Marc started this project toward the end of my data mining class. There was insufficient time to bring the project into a publishable / presentable form. However, Marc obtained satisfaction of learning the Twitter API, and learning first-hand that “tweets” are extremely noisy sources of information for stock prediction! We were able to uncover several instances that had minute predictive power, but not statistically significant. More work would need to be completed to filter and process tweets to discard meaningless and irrelevant data.

Phil Stahlfeld ’13

Project: Installation and deployment of caBIG – an information management network for cancer research
Duration: Summer 2011 – Spring 2012
Funding: Geisinger Research
Collaboration: Dr. Gerardus Tromp

ABSTRACT

Phil is working with Dr. Gerardus Tromp, a collaborator at Geisinger Medical Research Center in Danville, on deploying a complex software system called the Cancer Biomedical Informatics Grid, or caBIG.  As a product of the National Cancer Instutute, caBIG was conceived for the purpose of sharing data and knowledge among researchers, clinicians, and patients in order to simplify collaboration and speed research to get diagnostics and therapeutocs from bench to bedside faster and more cost-effectively.
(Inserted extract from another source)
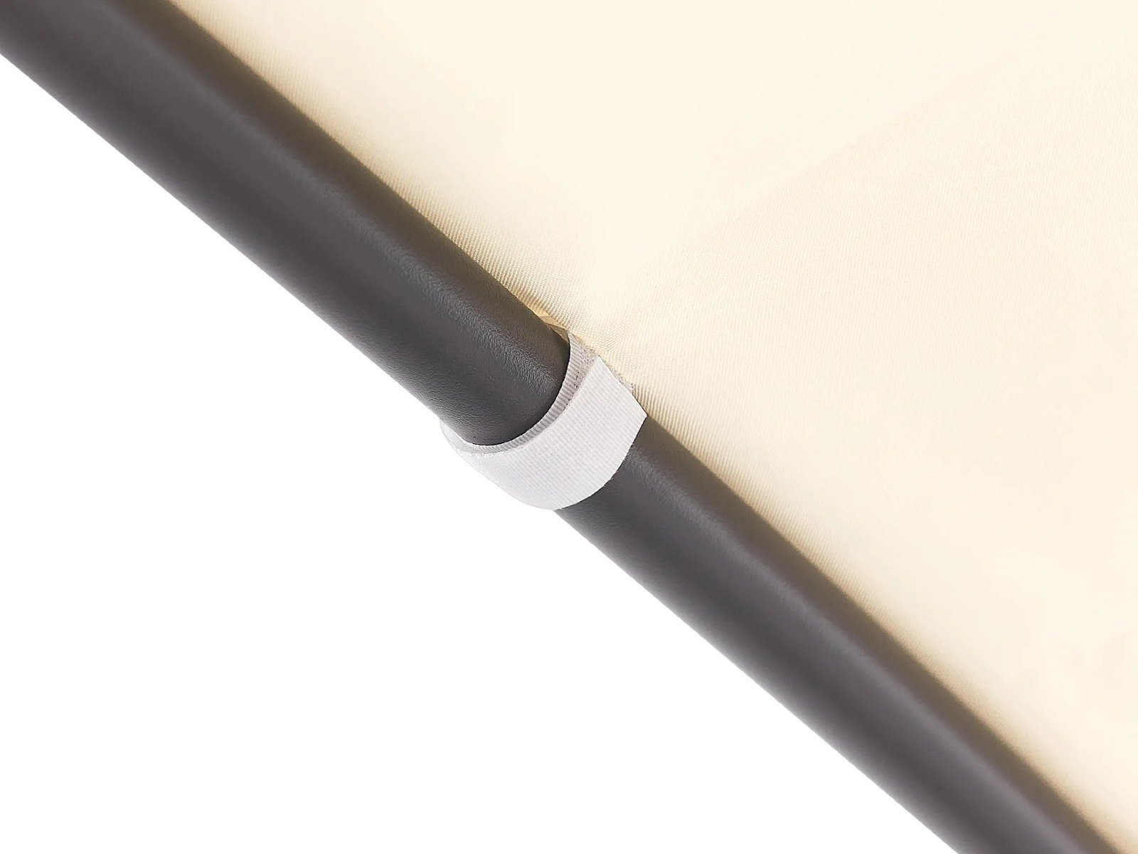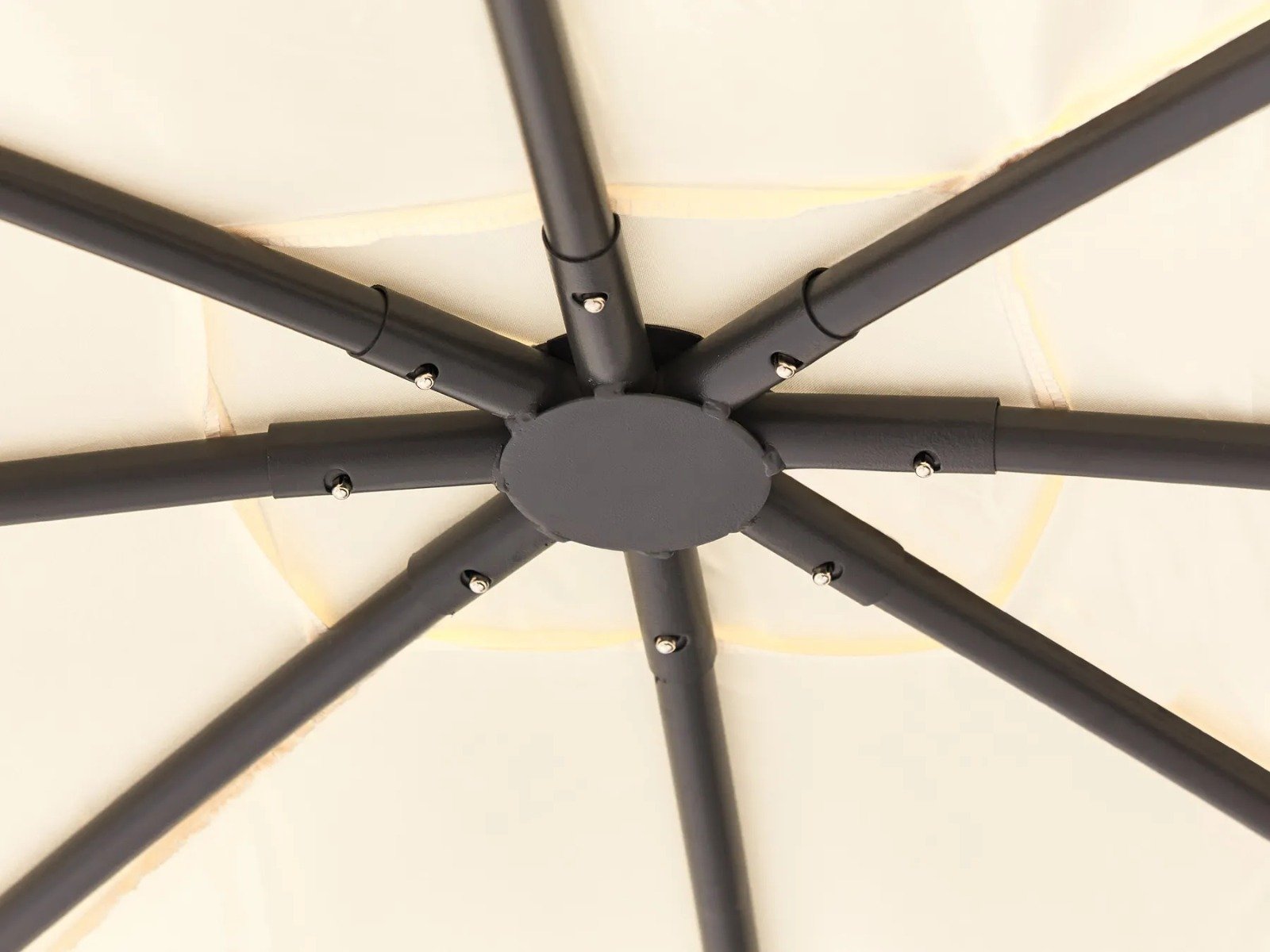 Robusta estructura de acero con recubrimiento en polvo en color negro, combinada con un toldo beige versátil. Ofrece una excepcional protección UV UPF 50+ (filtra el 98% de la radiación UV). Se instala fácilmente con estacas, sin necesidad de cimientos.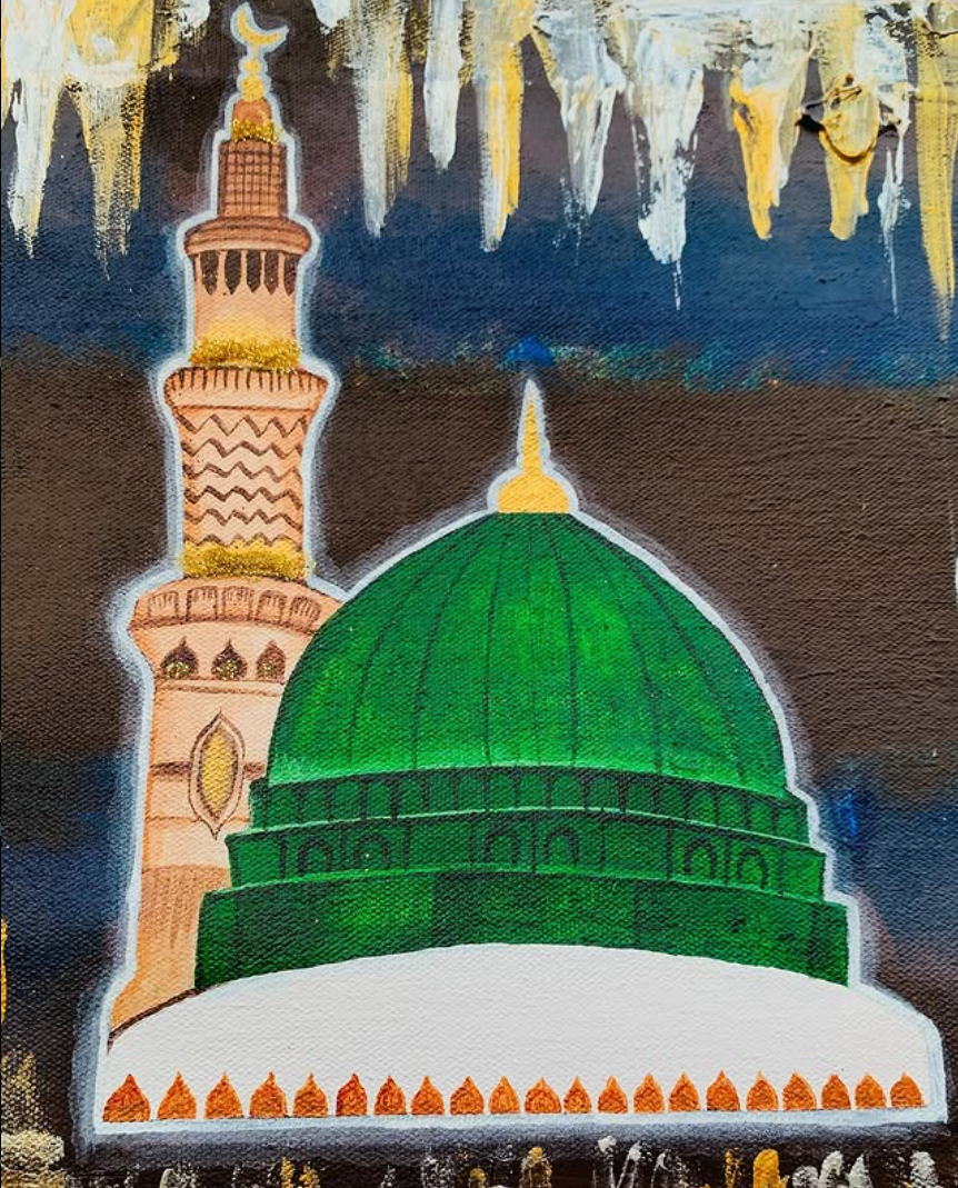 This breathtaking Islamic artwork showcases the powerful declaration of faith, “La Ilaha Illallah, Muhammadur Rasulullah” (There is no god but Allah, and Muhammad is His Messenger), elegantly inscribed between two of Islam’s holiest sites—the Kaaba and Masjid Nabawi. The textured background and golden accents add depth and dimension, while the contrast of dark and light hues creates a captivating visual effect. A meaningful masterpiece for any home, mosque, or Islamic space, this painting serves as a daily reminder of faith and devotion.

The system is multi-tiered, with the front end mostly implemented using JBoss and Tomcat applications in Java, and the backend data management provided by PostgreSQL and MySQL. The entire suite is open software and will require some modification to meet the local needs of Geisinger. Phil will be an integral part of the installation, configuration, modification and and test of the system.